*Problem to solve*: Using the listing below, give again exactly the lines from the line with "Футболка женская белая" to the line with "Art 1974 Berna", inclusive, without the pictures.

____ Recorded data

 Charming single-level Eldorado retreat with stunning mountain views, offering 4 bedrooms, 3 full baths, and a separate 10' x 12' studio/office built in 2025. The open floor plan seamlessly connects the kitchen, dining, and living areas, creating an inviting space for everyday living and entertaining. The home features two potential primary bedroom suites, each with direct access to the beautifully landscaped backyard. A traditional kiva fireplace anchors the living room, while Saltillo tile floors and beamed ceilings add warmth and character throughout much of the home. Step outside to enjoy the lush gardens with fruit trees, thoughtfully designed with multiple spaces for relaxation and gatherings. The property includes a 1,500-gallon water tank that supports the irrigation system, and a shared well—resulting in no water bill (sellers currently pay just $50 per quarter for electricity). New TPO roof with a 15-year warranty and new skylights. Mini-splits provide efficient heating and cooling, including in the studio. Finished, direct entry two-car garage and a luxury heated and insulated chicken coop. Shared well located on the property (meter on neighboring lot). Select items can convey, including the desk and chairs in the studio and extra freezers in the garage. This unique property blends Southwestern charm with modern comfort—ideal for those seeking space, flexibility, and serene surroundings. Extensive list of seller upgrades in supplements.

________
____ Recorded data

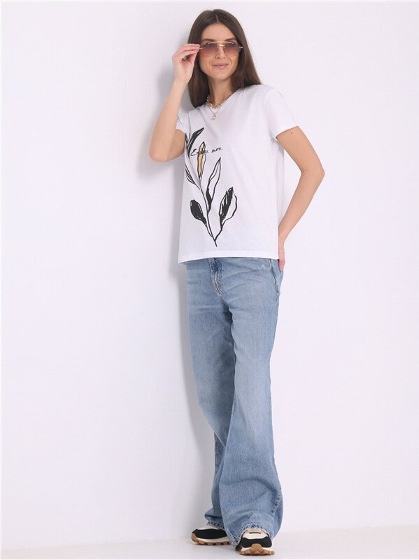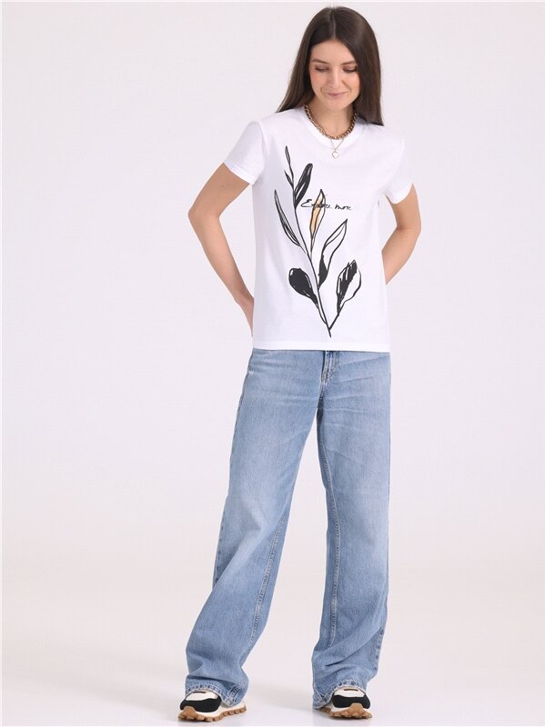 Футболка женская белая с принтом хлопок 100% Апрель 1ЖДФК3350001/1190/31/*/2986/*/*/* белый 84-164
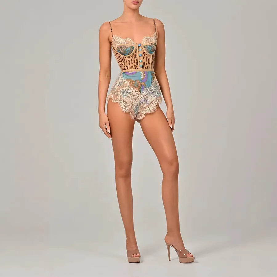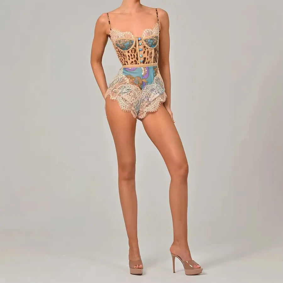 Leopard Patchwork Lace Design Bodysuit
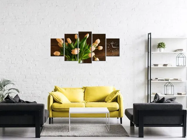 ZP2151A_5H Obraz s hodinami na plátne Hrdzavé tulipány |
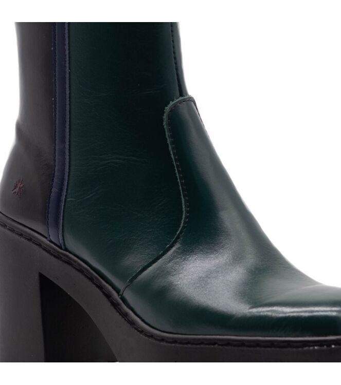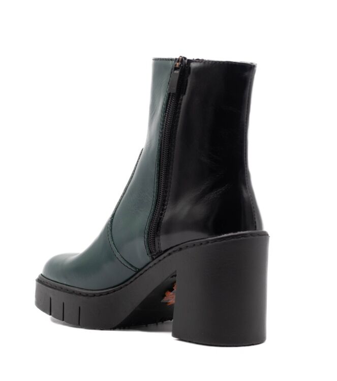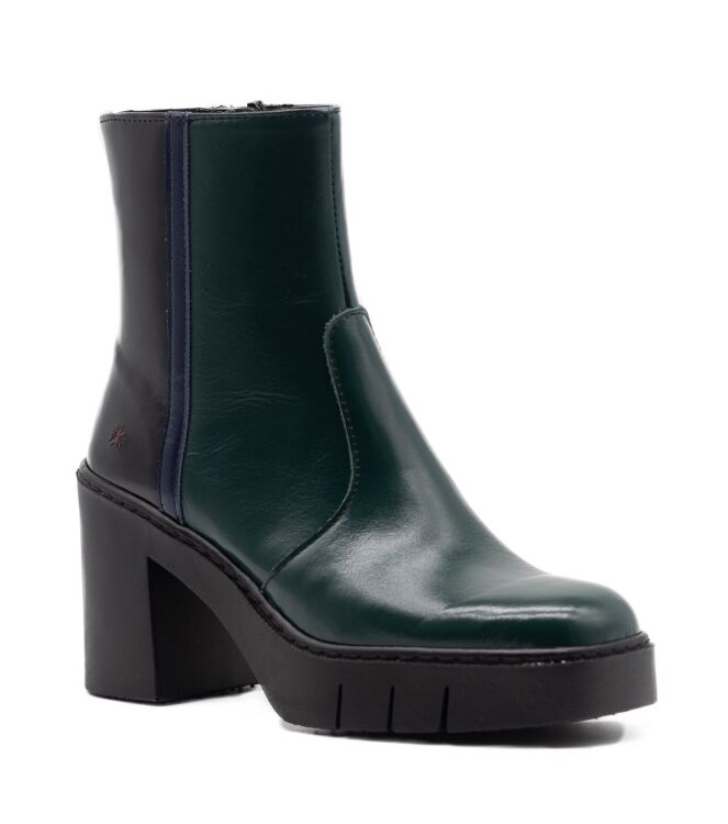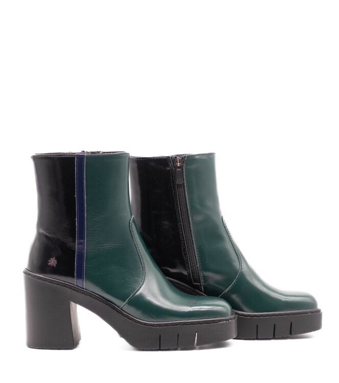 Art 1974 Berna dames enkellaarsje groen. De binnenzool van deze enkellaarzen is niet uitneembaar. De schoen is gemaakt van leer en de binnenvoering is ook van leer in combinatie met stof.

________

*Answer for the task*:
 Футболка женская белая с принтом хлопок 100% Апрель 1ЖДФК3350001/1190/31/*/2986/*/*/* белый 84-164
 Leopard Patchwork Lace Design Bodysuit
 ZP2151A_5H Obraz s hodinami na plátne Hrdzavé tulipány |
 Art 1974 Berna dames enkellaarsje groen. De binnenzool van deze enkellaarzen is niet uitneembaar. De schoen is gemaakt van leer en de binnenvoering is ook van leer in combinatie met stof.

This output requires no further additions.